WASHINGTON (NEXSTAR) — The spike in the amount of data about children collected online is spurring action on Capitol Hill.
By the time most kids turn 18, there are already about 70,000 posts about them on the internet, according to the United Kingdom’s Children’s Commissioner.
So Democrats want to pass a law that will allow adults to force internet businesses to delete all the data collected about them before they were 13. The Clean Slate for Kids Online Act, sponsored by Sen. Dick Durbin, D-Ill., would apply only to websites targeting kids, like YouTube Kids or Facebook Kids Messenger.
Consumer watchdogs say it’s a good first step that will give people more control, but internet companies are calling it pointless.

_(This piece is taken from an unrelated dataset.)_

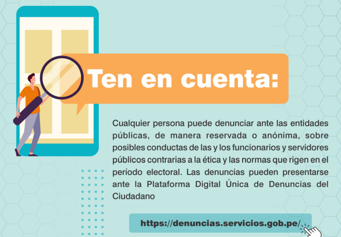 Cualquier persona puede denunciar ante las entidades públicas, de manera reservada o anónima, sobre posibles conductas de las y los funcionarios y servidores públicos contrarias a la ética y las normas que rigen en el período electoral. Las denuncias pueden presentarse ante la Plataforma Digital Única de Denuncias del Ciudadano https://denuncias.servicios.gob.pe, o por cualquier otro medio, en cuyo caso también serán derivadas a la Unidad Funcional de Integridad del INGEMMET, para iniciar las gestiones correspondientes y, de corresponder, encausar el caso ante las autoridades competentes.

“It’s a growing threat,” Ed Mierzwinski of the Public Interest Research Group said of websites tracking kids’ activity. “From birth on, they want to know what you did so they can predict what you do when you’re an adult.”
Current law prohibits websites from saving data about kids unless a parent gives consent, but parents often do, sometimes without realizing it.

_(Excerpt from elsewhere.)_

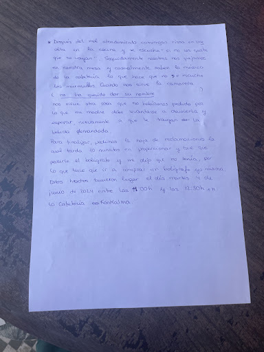 Se ha comprado un Groupon de un brunch en la cafetería KonKalma en Santa Cruz. En primer lugar, la camarera nos hizo esperar cinco minutos para sentarnos en mesa, mientras que otros clientes entraban y se sentaban. Seguidamente tardó al menos media hora en tomar nota, todo esto, después de levantarme de la mesa para decirle que todavía no había tomado nota y cuando salía adelante mía me dijo que tenía gente delante y las personas las que sirvió habían llegado 10 minutos después de nosotras. Cuando viene a tomarnos comanda, le preguntamos por el tamaño del croissant y se negó a enseñarnos e incluso gesticular el tamaño de este diciendo que no lo podía decir, porque era un croissant amorfo luego se le dijo que le iba a solicitar la hoja de reclamaciones y nos dijo que nos devolvería el bono y que no nos atendería si le pedíamos la hoja de reclamaciones. Después del mal atendimiento comienzan risas en voz alta en la cocina y si no les gusta que se vayan. Seguidamente, nosotras nos quejamos en nuestra mesa y casualmente suben la música en la cafetería, lo que hace que no se escuche los murmullos de la cocina. cuando no sirve la camarera, la cual no ha querido dar su nombre nos sirve otra bebida que no habíamos pedido, por lo que mi madre debe levantarse a devolverla y esperar nuevamente a que le traigan la bebida demandada. Para finalizar pedimos la hoja de reclamaciones, la cual tarda 10 minutos en proporcionarse y tuve que pedirle un bolígrafo. La camarera no nos dió ningún bolígrafo deseando que no tenía por lo que tuve que ir a comprar un bolígrafo yo misma. Éstos hechos tuvieron lugar el día martes 4 de junio de 2024 entre las 10:55 y las 12:30 en la cafetería Konkalma. después de escribir esta hoja de reclamaciones, la camarera saca un bolígrafo y responde sobre la misma hoja añadiendo su firma y su correspondiente sello, además de rayar el resto del folio. En la versión de la camarera dice que llevamos a las 11:10. Cuando realmente tenemos fotos que corroboran que estábamos sentadas en la mesa a las 11:00 ya que teníamos una reserva y y el desayuno fue servido a las 12, la hoja de reclamaciones se hizo a las 12 30. Lo que se le reclama es la devolución del dinero debido a las largas esperas y la mala actitud y atendimiento por parte de la camarera (que minutos mas tarde oímos a unos clientes habituales llamarla por el...

“I think Congress has lagged on privacy and it’s concerning when that privacy is intended for young people,” David Simpson, a former Homeland Security cyber expert now with the Federal Communications Commission, said.
Several internet companies say the Clean Slate measure would cause confusion and encourage kids to be reckless on sites not covered by the law.
“It sends the wrong message to children not to think before they post and sends the wrong message to parents that they don’t need to worry,” said Carl Szabo of NetChoice, who represents companies like Twitter, Google and PayPal.
Those companies oppose the bill, saying it’s a fake solution. They say parents should be more accountable.
A similar bill failed to pass last year, and the new version is currently stalled in Congress.